Get Started with VMDR OT
Qualys VMDR OT provides comprehensive visibility and vulnerability management for critical infrastructure across all industrial network layers - Control, Supervisory, and Site Operations.
Industrial IoT (IIOT) and smart manufacturing greatly enhance Overall Equipment Efficiency (OEE) and cost savings. However, they also increase enterprises’ exposure to cyber-attacks due to rapid digitization and newly established inter-connectivity between previously air-gapped industrial environments and enterprise networks. Industrial assets have higher availability and reliability requirements. Their functioning round the clock and malfunction can potentially lead to significant physical safety incidents. Qualys provides a single platform and a single pane of glass for all IT & OT Asset Inventory, Vulnerabilities Management, Policy Compliance, and OT Endpoint based Threat Detection and Response.
Typically, industrial processes are supported by multiple equipment manufactured by different industrial vendors and powered by varied industrial protocols such as Ethernet/IP, Modbus TCP, Siemens S7 Comm, S7Comm Plus, Profinet, BACnet, and DNP3, among others. Many of these protocols are insecure by design, lacking basic authentication and encryption, so it is even more critical to have visibility and regular risk assessments conducted in these environments.
With Qualys VMDR OT, you get real-time asset inventory, network visualization, and vulnerability management for your industrial control systems.
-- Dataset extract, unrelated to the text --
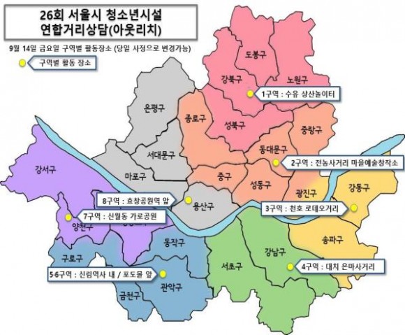 서울시는 ‘뜨거웠던 여름을 지나 더 뜨거워질 우리의 2학기’를 주제로 올해 3번째 ‘찾아가는 거리상담 연합아웃리치’를 실시한다고 밝혔다. 45개 기관의 전문상담사, 자원봉사자 등 240여 명이 함께 한다. ○ ‘찾아가는 거리상담 연합아웃리치’는 '12년 서울시가 전국 최초로 실시한 청소년 대상 거리 상담활동이다. 위기 청소년이 많이 모이는 곳에 직접 찾아가 면대면 개별상담을 진행하고 상담 후엔 쉼터 연계나 귀가지원 등의 서비스를 연계한다. 청소년이 필요로 하는 서비스를 현장에서 즉시 제공함으로써 청소년시설에 대한 체감거리를 줄이는데 큰 역할을 하고 있다. 매년 4회 진행된다. 이번 상담엔 청소년쉼터, 청소년상담복지센터, 청소년성문화센터, 학교밖청소년지원센터 등 45개 청소년시설과 전문상담사, 자원봉사자 등 240여명, SPO(학교전담경찰관) 및 각 경찰서 여성청소년계가 참여한다. 다년간 축적된 경험을 바탕으로 청소년의 욕구를 반영한 맞춤형 프로그램 운영 및 상담을 진행할 예정이다.

With an intuitive interface and a fully automated risk assessment workflow, Qualys VMDR OT is a powerful tool to reduce the risk of costly and dangerous cyber security breaches.
VMDR OT provides asset inventory, network visibility, and vulnerability postures at all the Purdue levels.
|
Purdue Level |
Assets |
Feature |
Supported by |
Available on Qualys Applications |
|---|---|---|---|---|
|
Purdue Levels 0/1/2 |
Hardware like PLC, RTU, IO, Robots, VFDs etc |
- Asset Inventory -Vulnerability Management |
- Qualys Network Passive Sensor - VMDR OT Out of band configuration assessment |
VMDR OT |
|
Purdue Levels 2 and above |
OT/ICS OS-based endpoints hosting ICS Vendor software - (Engineering workstations, Operator Stations, HMI Servers, DCS Servers, etc.) |
Asset Inventory |
VMDR application (Safe OT Device scan support in Qualys Scanner and Cloud Agent) |
VMDR, CSAM, For more information, refer to the OT Device Scan details. |
|
Vulnerability Management |
VMDR (OT/ICS OS-based endpoints hosting ICS Vendor software) |
VMDR |
||
|
Policy Compliance |
Policy Compliance application IEC 62443 NERC CIP Policy |
Policy Audit |
Benefits
Real-time VMDR asset inventory
Extensive Industrial protocol support
Out of band Configuration Assessment support
Robust vulnerability management
Broad industrial vendor support
Know the Requirements
VMDR OT application can be accessed with a subscription to VMDR, Cyber Security Asset Management (CSAM) and Qualys Network Passive Sensor (NPS) applications.
Let's Get Started!
VMDR OT is powered by Qualys Network Passive Sensor. It continuously monitors all network traffic and flags any asset activity. It identifies and profiles devices the moment it is connected to the network.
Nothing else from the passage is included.